Fiction: Der Steppenwolf by Hermann Hesse; Flight Without End (Die Flucht ohne Ende) by Austrian novelist Joseph Roth, 33, who shows the collapsed Austro-Hungarian Empire as seen through the eyes of a returned officer; Amerika by the late Franz Kafka; The Past Recaptured (Le temps retrouvé) by the late Marcel Proust; The Bridge of San Luis Rey by Thornton Wilder; Jalna by Canadian novelist Mazo de la Roche (originally Roche), 42, is the first of more than a dozen in a series of "Whiteoak Chronicles" based on a family living on a lakefront Ontario estate. By the time she dies in 1961 the books will have sold more than 11 million copies in 193 English and 92 foreign editions; Mr. Weston's Good Wine by English novelist T. F. (Theodore Francis) Powys, 52, brother of J. C. Powys; Celibate Loves (stories) by George Moore; To the Lighthouse by Virginia Woolf; The Left Bank (stories) by Welsh-Creole author Jean Rhys (Gwen Williams), 33; Death Comes for the Archbishop by Willa Cather is based on French clergyman Jean Baptiste Lamy, who built the first cathedral in the Southwest at Santa Fe; Giants in the Earth (I de Dage and Riketgrundlaegges) by Norwegian-born novelist Ole Edvart Rölvaag, 52, who came to America in 1896, worked on an uncle's farm in South Dakota, received his degree at St. Olaf College, and has written his books about immigrant life in Norwegian; Elmer Gantry by Sinclair Lewis; The Treasure of the Sierra Madre (Der Schatz der Sierra Madre) by Polish-born German novelist B. Traven (Beric Traven Torsvan, or Ret Marut, originally Albert Otto Max Feige), 37; Dusty Answer by English novelist Rosamond (Nina) Lehmann, 26; The Lovely Ship by Storm Jameson (her first real success); The Unpleasantness at the Bellona Club by Dorothy L. Sayers; The Secret of Father Brown by G. K. Chesterton; The "Canary" Murder Case by Virginia-born critic-novelist S. S. Van Dine (Willard Huntington Wright), 39, whose detective Philo Vance will win a wide following.

Mystery writer-playwright Gaston Leroux dies of uremia at Nice the night of April 15 at age 58; humorist Jerome K. Jerome at Northampton, Northamptonshire, June 14 at age 68; Mary Webb at St. Leonards, Sussex, October 8 at age 46, having been confined to a wheelchair by paralysis since age 5.

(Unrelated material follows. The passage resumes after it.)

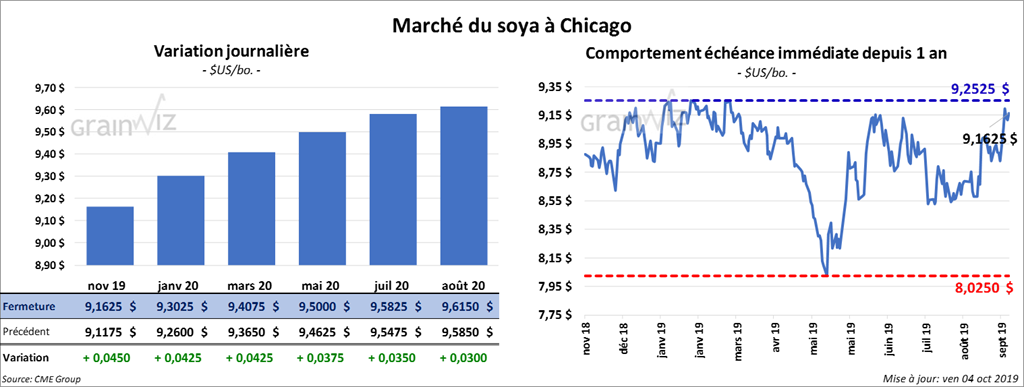 Le contrat de soya US novembre 19 a terminé la journée à la hausse de 4 ½ cents. Sur la semaine, il a progressé de 3,77 %. Le tourteau a clôturé dans le vert de 0,80 $/tonne. L’huile a perdu 1 point.

Poetry: "American Names" by Pennsylvania-born poet Stephen Vincent Benét, 29; The Women at Point Sur by Robinson Jeffers; Tristram and "Launcelot" by Edwin Arlington Robinson is a verse novel; Fine Clothes to the Jew by Langston Hughes; Leitenant Schmidt by Boris Pasternak is a verse epic; Pomes Penyeach by James Joyce, whose work is published by Paris bookseller Sylvia Beach; Journey of the Magi by T. S. Eliot; The Heart's Journey by Siegfried Sassoon.

Juvenile: archy and mehitabel by Illinois-born New York Herald-Tribune humorist Donald Robert Perry "Don" Marquis, 44, whose cockroach archy is the reincarnation of a poet and whose alley cat mehitabel has rowdy misadventures; The Midnight Folk by John Masefield.